We observed 4 survival patterns (P = 6.5 × 10–35, χ2 distribution, 3 degrees of freedom; Figure 3A). The lowest survival rate was observed for untreated and RSG-treated pTCp53null mice (median, 80 days), leading us to conclude that, as observed above, pTCp53null mice developing sarcomas have shorter survival than p53null mice with sarcomas, and RSG treatment does not improve outcomes in either case. Treated and untreated p53null mice developing sarcomas had equal survival rates (median, 99 days), which confirmed that treatment with either ET-743 or RSG in the absence of TLS:CHOP had no effect. Sarcoma-developing pTCp53null mice treated with ET-743 had increased survival (median, 100 days), which suggests that ET-743 has specific efficacy in this model of MRCLS. Finally, sarcoma-developing pTCp53null mice treated with both ET-743 and RSG had the longest survival of all groups (median, 134 days), which suggests that RSG potentiates ET-743 efficacy — despite having no single agent activity, as shown above. Notably, the cause of death in all pTCp53null mice treated with ET-743 with RSG were secondary lymphomas appearing in a non-Prx1 distribution. pTCp53null mice treated with ET-743 alone died from a combination of primary (FNA-determined) sarcoma progression or secondary lymphomas (approximately 1:1 ratio). All untreated and RSG-treated pTCp53null mice and all treated and untreated p53null controls died from the primary (FNA-determined) sarcomas.

Figure 3. RSG enhances ET-743–mediated adipogenesis of sarcomas in pTCp53null mice.

Figure 3

(A) Survival curve of p53null and pTCp53null mice receiving no treatment (NT), ET-743 (0.05 mg/kg via tail vein every 4 days), RSG (25 mg/kg via lavage daily), or both ET-743 and RSG concurrently (n = 20 per group). Treatment was initiated shortly after pathologic confirmation (tumor approximately 0.25–0.5 cm in greatest dimension) and continued until tumor was approximately 1 cm in greatest dimension or until mice showed signs of distress. On average, treatment lasted for 4–8 weeks, depending on the extent of response. All 4 survival curves for p53null mice were completely superimposable. Original magnification, ×100. (B) Quantitative RT-PCR analysis (average of 3 replicate experiments) of TLS:CHOP in p53null and pTCp53null mice, assessed at sacrifice. Values are shown relative to untreated pTCp53null group. (C) Transcriptional run-on assay from short-term single-cell suspensions (in vitro 24-hour cultures) of sarcomas from p53null and pTCp53null mice (see Methods) after in vivo treatment as in A, reflecting transcriptional activity of TLS:CHOP (from the Prx1 promoter) as well as PPARγ, CEBPα, and GADPH (from their respective endogenous promoters). (D and E) RT-PCR (average of 3 replicate experiments) of the indicated adipocytic differentiation gene set in bone marrow–derived MSCs of 8-week-old WT, p53null, and pTCp53null mice (D) or in pTCp53null mice treated as in A for 4 weeks (E). Values are shown relative to respective WT or untreated control.
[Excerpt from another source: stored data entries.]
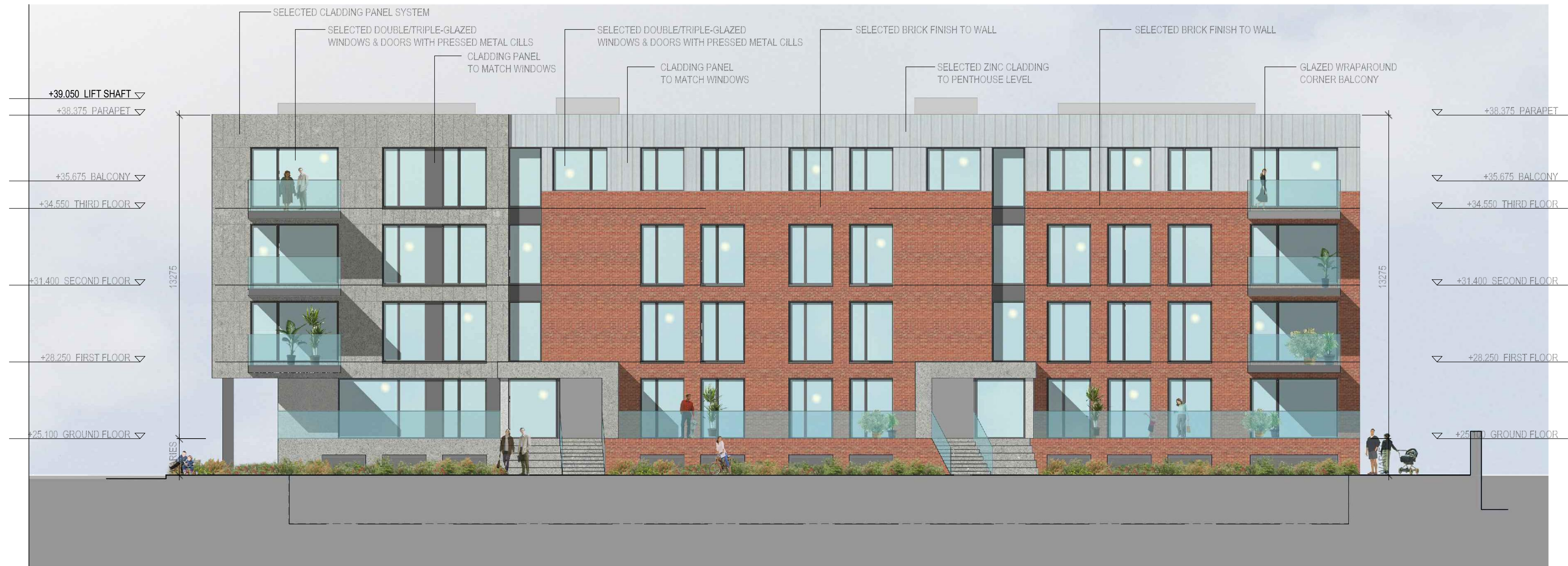
BLOCK C - EAST ELEVATION

APPROVED Block C EAST ELEVATION Scale 1:100 @ A1
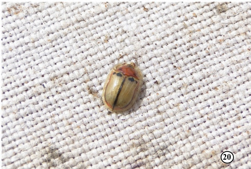
Fig. 12-20. - Aspidimorpha rainoni n. sp., paratypes.
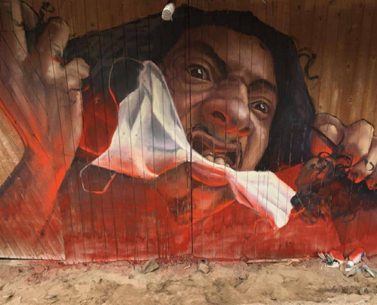
PERU Artist: Huansi (@huansii), "Asfixiado [Suffocated]," Urban Art Mapping: Covid-19 Street Art , accessed April 8, 2021.
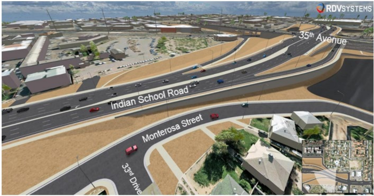
Viewpoint north of Indian School Road along 33rd Drive, looking south along 33rd Drive at the proposed Indian School Road/35th Avenue elevated intersection and Monterosa Street.
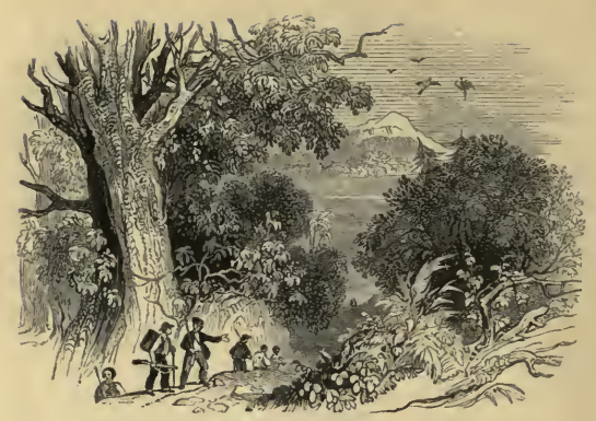
TRAVELLERS IN THE BUSH.
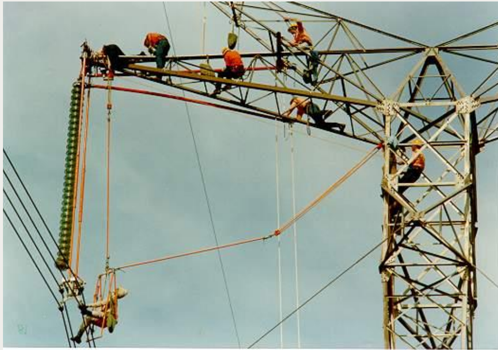
Group Discussion Meeting
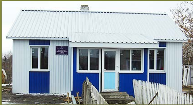
Find 10 differences (and more)! After renovation, health post in Zavyziv village, Rivne region, has changed beyond recognition. The CBA-backed micro-project allowed to repair roof and facade, install energy saving windows, and purchase new equipment. Villagers say the health post looks like brand new!

The CBA News Digest has been produced in the framework of the Community-Based Approach to Local Development (CBA) Project, which is financed by the European Union and co-financed and implemented by UNDP. The contents of the digest are the sole responsibility of CBA staff and cannot be taken to reflect the views of the European Union or UNDP.
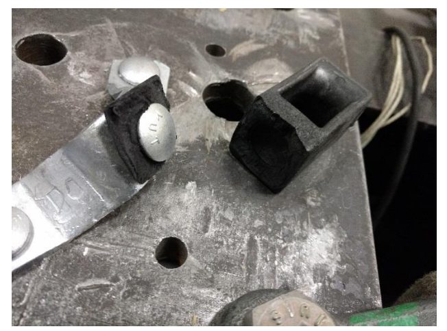
Sample after Cantilever Test
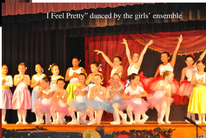
"I Feel Pretty" danced by the girls' ensemble
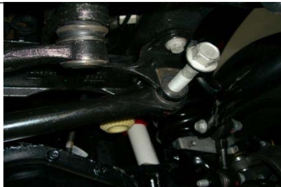
Remove upper track bar hardware and disconnect at frame.
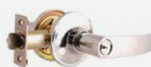
LYR ENTERANCE LYR600B
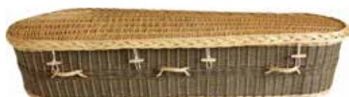
Personalised Willow (Wicker) Hand-woven in the UK, personalised to your specification £1,120
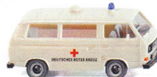
0320 02 German Red Cross - VW T3 van
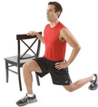
Lunges: Can use a chair for balance.
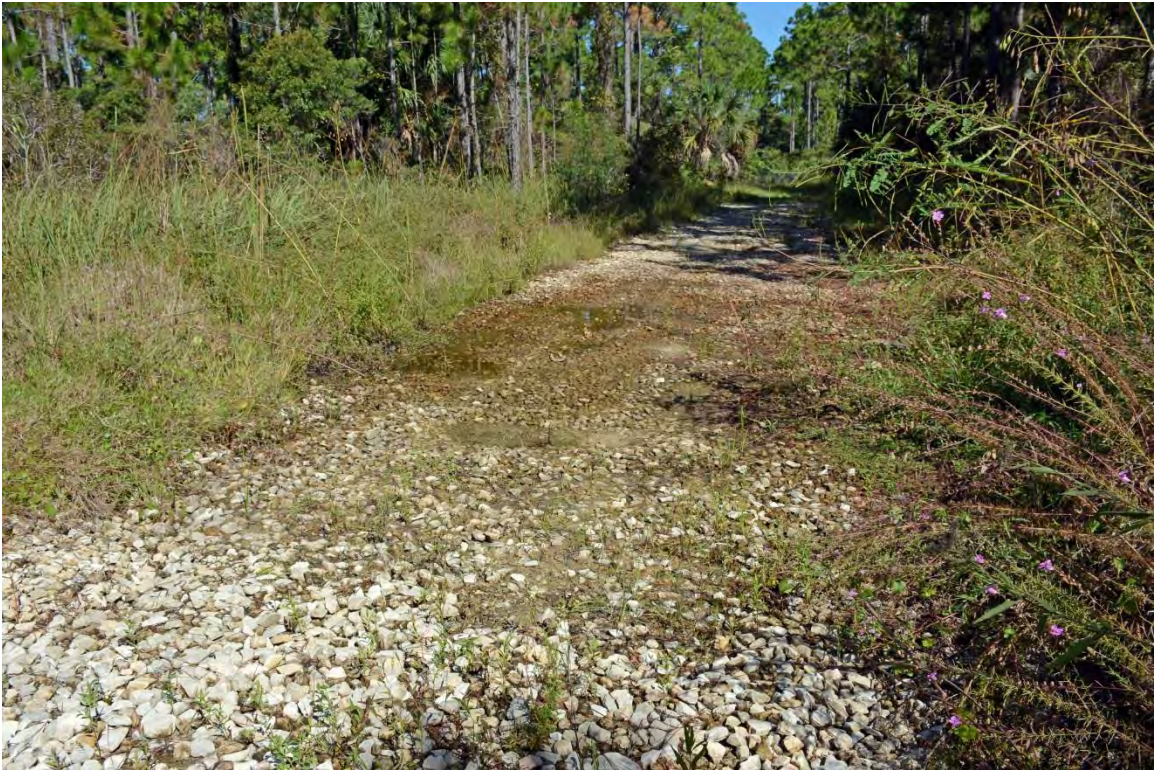
Figure 2: Island Road LWC (10/13/2016)
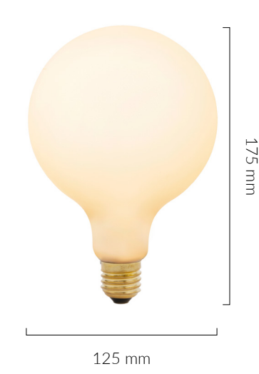
BEST PAIRED WITH

Glare control: We use up to 8 LED filaments in our lamps. This, together with a thicker phosphor coating, reduces and controls glare, resulting in an even, more comfortable light.
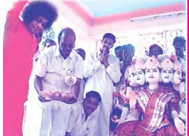
Bhagavan consecrating the Gayatri Temple.

The date for the consecration was fixed – 9th October 1998. Before the consecration and installation, for three days, a Yajna with elaborate rituals was held in one of the halls
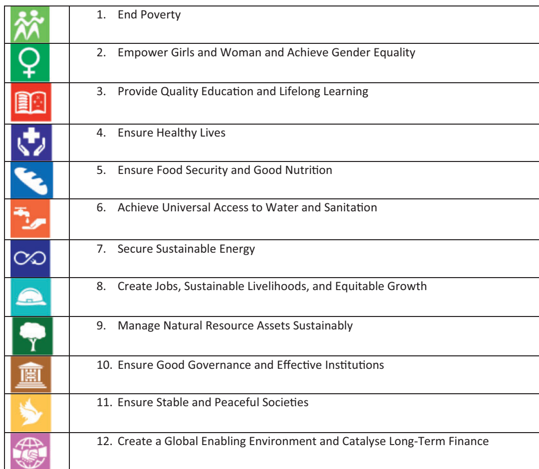
Figure 2. High-Level Panel’s 12 ‘illustrative’ post-2015 SDGs (High-Level Panel 2013).
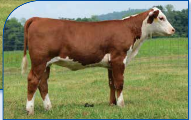
Lot 65A — FSL Lady Rev 4R 14X 39B
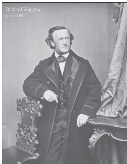
Richard Wagner, circa 1860

Nevertheless, in Wagner's world a love this ferocious brings a "sweet suffering" that can only be extinguished, or apotheosized, through death. King Marke arrives to forgive the couple and permit them to marry, but he is too late. Tristan succumbs to Melot's sword, and Isolde sings her "Liebestod."
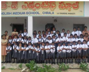
Chirala – SDA School
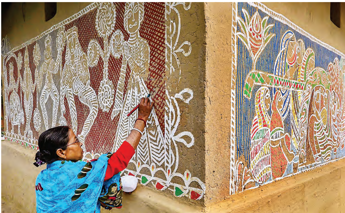
An artist paints a 'rangoli' on the wall of her house on the eve of the festival Makar Sankranti, in Lankamura village of Agartala, Tuesday.
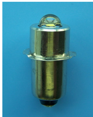
Luxion LED bulb
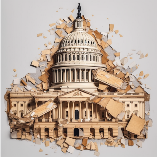
AI Generated Image

"Political transitions are not merely symbolic events, but rather complex processes that play a critical role in shaping the direction and effectiveness of governance in the United States."
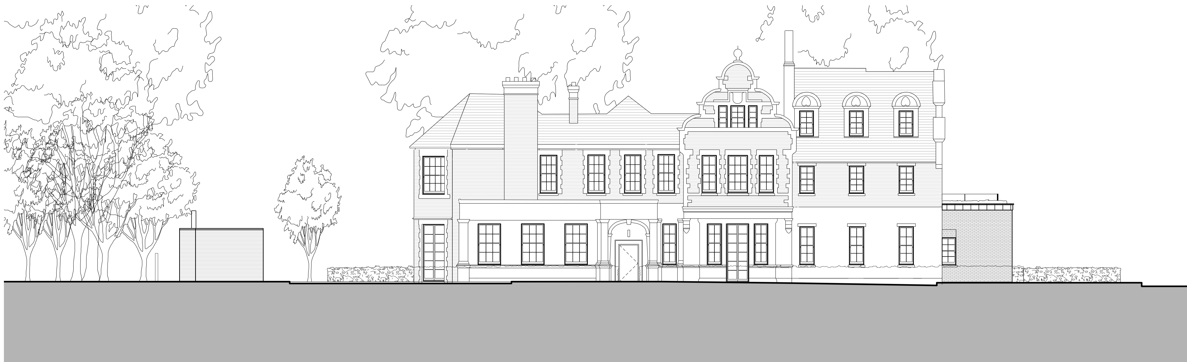
01 Proposed Front Elevation SCALE: 1:100
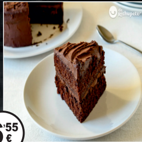
Chocolate Fudge Cake Pastel de chocolate
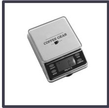
Code: DH682 Digital Dose Scale UPO – x 1 Cost - £8.97
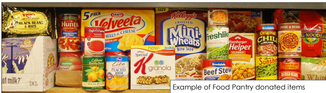
Example of Food Pantry donated items

A big need! Before disposing of your out-of-date, too big, too small items, please consider giving them a "second life" - donate them to help Walk About Ministries
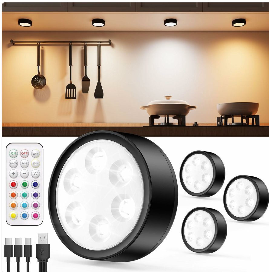
Figure 1: Package Contents

The image displays the Vloee Rechargeable Puck Lights kit, showing four black puck lights, a white remote control, and two multi-head USB-C charging cables, all neatly arranged in their packaging.
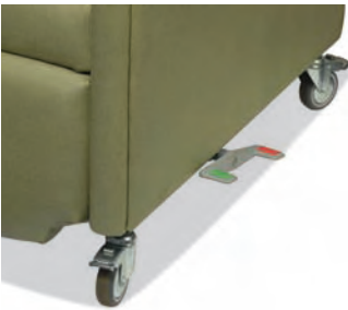
One touch speed lock
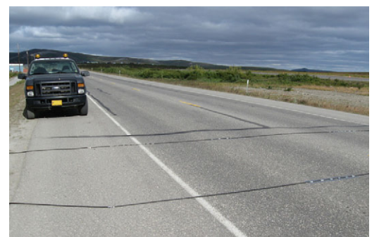
A portable/short-term traffic count in Nome

To view Northern Region traffic counts for past years, visit www.dot.state.ak.us/nreg/planning/traffic.shtml .
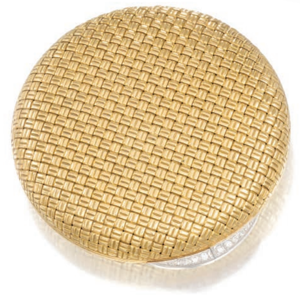
OPPOSITE PAGE 82. Pair of 14ct gold knot cufflinks by Raymond Yard 83. Edwardian 14ct gold, ruby and diamond chain link bracelet, in fitted case THIS PAGE 84. Pair of gold loaf cufflinks of basket-weave design 85. Gold basket-weave circular powder compact by Van Cleef & Arpels
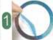
1 Tear off protective film

Attention! Must attach the metal sheet on the center of phone, otherwise it will get heated and stop charging, need to remove the metal sheet and attach it at right place.
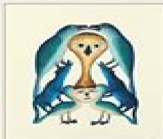
Kinngmikuk Aukook Protective Healer / Médecin protecteur, 2012
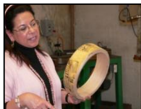
Bent and ready for gluing
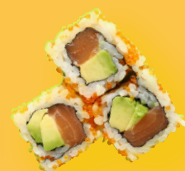
Fresh Salmon Avocado $3.80 ☺
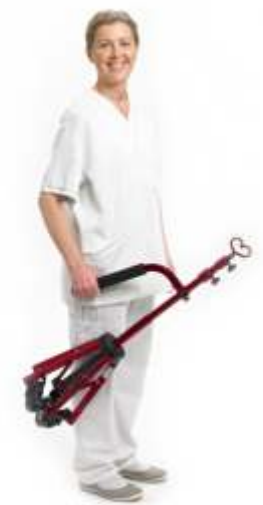
Light to carry

VIOLETTA is now also available in a 2-sectioned version (not shown in picture).
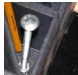
Carriage bolt assembly inserted through right pocket hole into mounting plate.

The right front edge of the DustSucker&More!™ (see arrow to the left) can be used as a starter pin or fulcrum pin when using router bits with a bearing to guide the wood. The purpose of a starter pin is to reduce or prevent kick back from the router bit during the initial contact. You insert a 1/4" diameter carriage bolt (not provided) into the hole in the right front pocket to engage a hole drilled in your router mounting plate. Once you insert the bolt the DustSucker&More!™ can
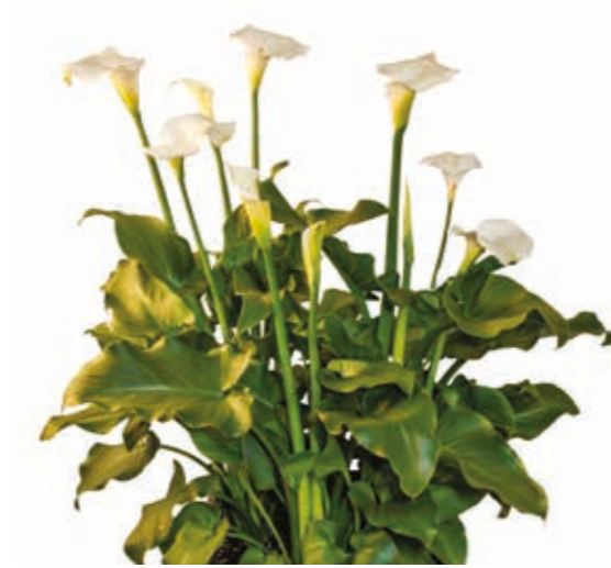
TOP PICK DIVA CLASSICA

Planted in September through January. Calla Aethiopica DIVAS™ series blooms continuously through spring and early summer. Excellent pot plant, garden plant, cut flower and around ponds. Naturalizing bulbs as long as soil does not freeze.
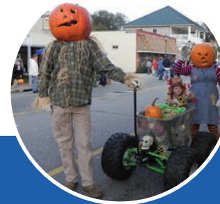
Trick or Treat Kickstarted Annual Trick or Treat on Main Street that continues today through the Gloucester Main Street Association
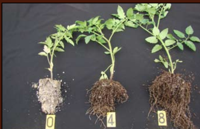
0, 4, and 8 day tomatoes transplanted from RootMaker® 32 cell.

RootMaker® products are considered the premier fibrous root production tool by leading nurseries around the world. RootMaker® containers have been designed to provide maximum air-root pruning. The benefits of a fibrous root system is proving to be tremendous for ANY plant from vegetables to trees, whether organically grown or with standard commercial practices. When the root tip surface area is increased, there is a corresponding increase in the efficiency of the plant.
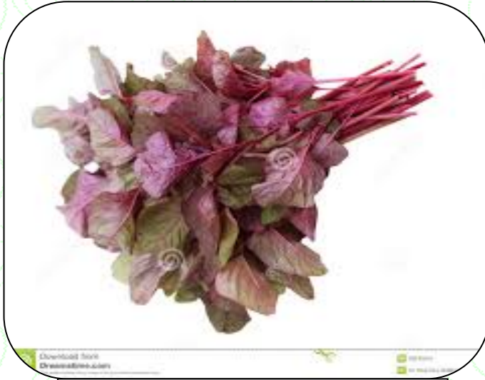
Amaranthus: Seed rate-1.5-2kg/ha Spacing-
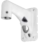
WV-QWL501S-W Wall Mount Bracket
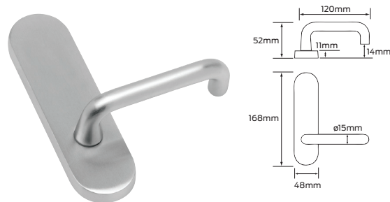
503AV - External plain plate
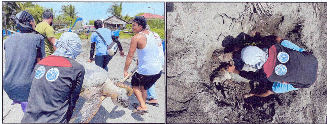
Figure 2. Disposal of dead Green sea turtle (Photo courtesy of Mr. Bautista).
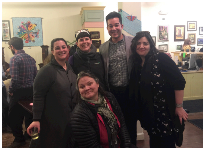
Conference attendees received a warm welcome to the County...

Tumors were pathologically analyzed and confirmed for TLS:CHOP transgene expression via RT-PCR (Supplemental Figure 3A). All treated and untreated p53null and RSG-treated pTCp53null mice developing sarcomas were histologically identical to the sarcomas of the same groups in Figure 2B. However, sarcoma-developing pTCp53null mice treated with ET-743 showed dramatic adipocytic differentiation, which was further enhanced by concurrent treatment with RSG (Figure 3A). We subsequently performed pilot experiments using cohorts of 5 mice treated with ET-743 (5 mg/kg), RSG (150 mg/kg), or both concurrently. Substantial toxicity and early mouse death was observed, without a notable increase in either differentiation or cytotoxic effect. We also performed sequential combinations (ET-743 for 2 weeks before starting RSG, as well as RSG for 2 weeks before starting ET-743) of cohorts of 5 mice; as above, we did not observe a marked improvement in either differentiation or tumor cytotoxicity. However, we cannot rule out the possibility that some intermediate dose or an alternative dosing schedule may result in different outcomes.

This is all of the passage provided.